A lot of things in life are unpredictable & unexpected while others, well, aren't. Such is the case (if you'll excuse the pun) when it comes to packing books for a trip away - I often hear of people needlessly justifying their Kindle ownership speaking of its convenience when travelling but, without going into my objection to e-readers (I require very little encouragement on the subject), I often wonder when it was that the modern world decided that a paperback book was such a liability to which as little suitcase case space as possible is dedicated rather than something of infinite value & worth. My books almost outnumbered the number of dresses (my second love) I packed for my two weeks in the States recently &, predictably enough, I didn't get around to reading all of them given how busy I was spending time with family. What I did read, however, mostly in the bath of our hotel room, soaking muscles in steaming water, I found to be very enjoyable & worthwhile choices.
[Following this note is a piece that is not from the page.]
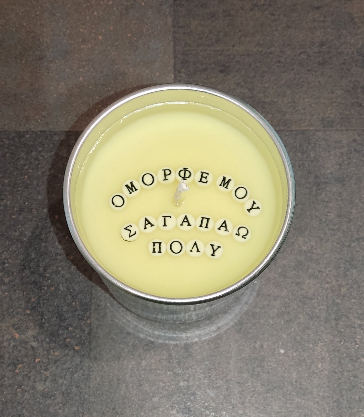Χειροποίητο ποτήρι κεριού που αποκαλύπτει μήνυμα όταν καίγεται. Ιδανικό για Αγίου Βαλεντίνου, επετείους ή ρομαντικά δώρα. Τα γράμματα μπορείς μετα να τα κάνεις μπρελόκ, κολιέ ή βραχιόλι και να κρατήσεις το δικό σου μήνυμα αγάπης για πάντα!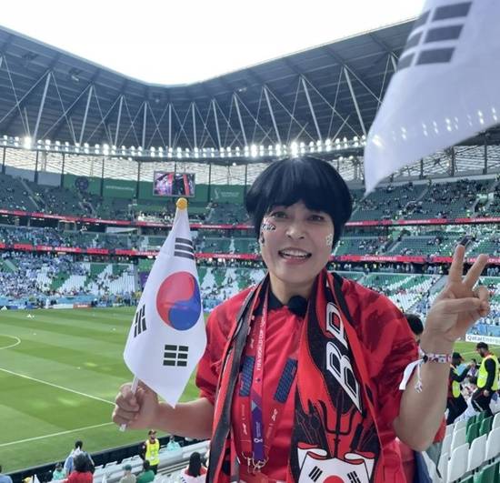 조혜련은 지난 24일 오후 24일(한국시간) 카타르 알라이얀의 에듀케이션 시티 스타디움에서 열린 한국과 우루과이의 카타르 월드컵 H조 1차전 현장을 직접 찾아 한국 국가대표팀을 향한 뜨거운 응원을 보냈다.

Keen to consider context in my decision while avoiding any new purchases (I am already almost set on 'Red Love' as this month's choice, a man's memoir of growing up in East Berlin during the GDR, published by the Pushkin Press whose curated selection continues to pique my interest) & finally settled on Hermann Hesse's 'Gertrude', 'The Hours' by Michael Cunningham' & 'Stoner' by John Williams.
While perhaps not an immediately obvious choice given its lack of Americana, 'Gertrude' by Hermann Hesse had a distinct sense of isolation, both geographical & emotional, that seemed to strike a chord with the uninterrupted calm & quietness of the Colorado mountains. My boyfriend Andrew recently read 'The Glass Bead Game', the last novel that Hesse wrote that envisions a world in which culture has been reduced to an formulaic tournament in which members of society rise to become Magisters of the arts, & he told me that it was due to an interest in spirituality that Hesse came to write such a Modern novel that varied greatly from the work that preceded it. I stumbled across one such novel in a local charity shop &, intrigued at whether Hesse's straight literature was especially different & besotted with the Gustav Klimt portrait on its cover, thought I would give 'Gertrude' a try. 'Gertrude' tells the story of an unfortunate but talented composer, Kuhn, who falls in love with a young girl of the title, the two of them brought together by their love of the arts, but who are romantically detached. The short novel, moving between scenes of Kuhn's rural home town & the bustling society life of Munich, raises questions of the joys & pains of youth as well as the role of art, especially its ability to both inflict & soothe pain. While short & simple in its intent, I found that it followed on well from my reading of Stefan Zweig of late who similarly asks what responsibility art has in its representation of the world, especially one that is at odds with the harmony that the former seeks to create.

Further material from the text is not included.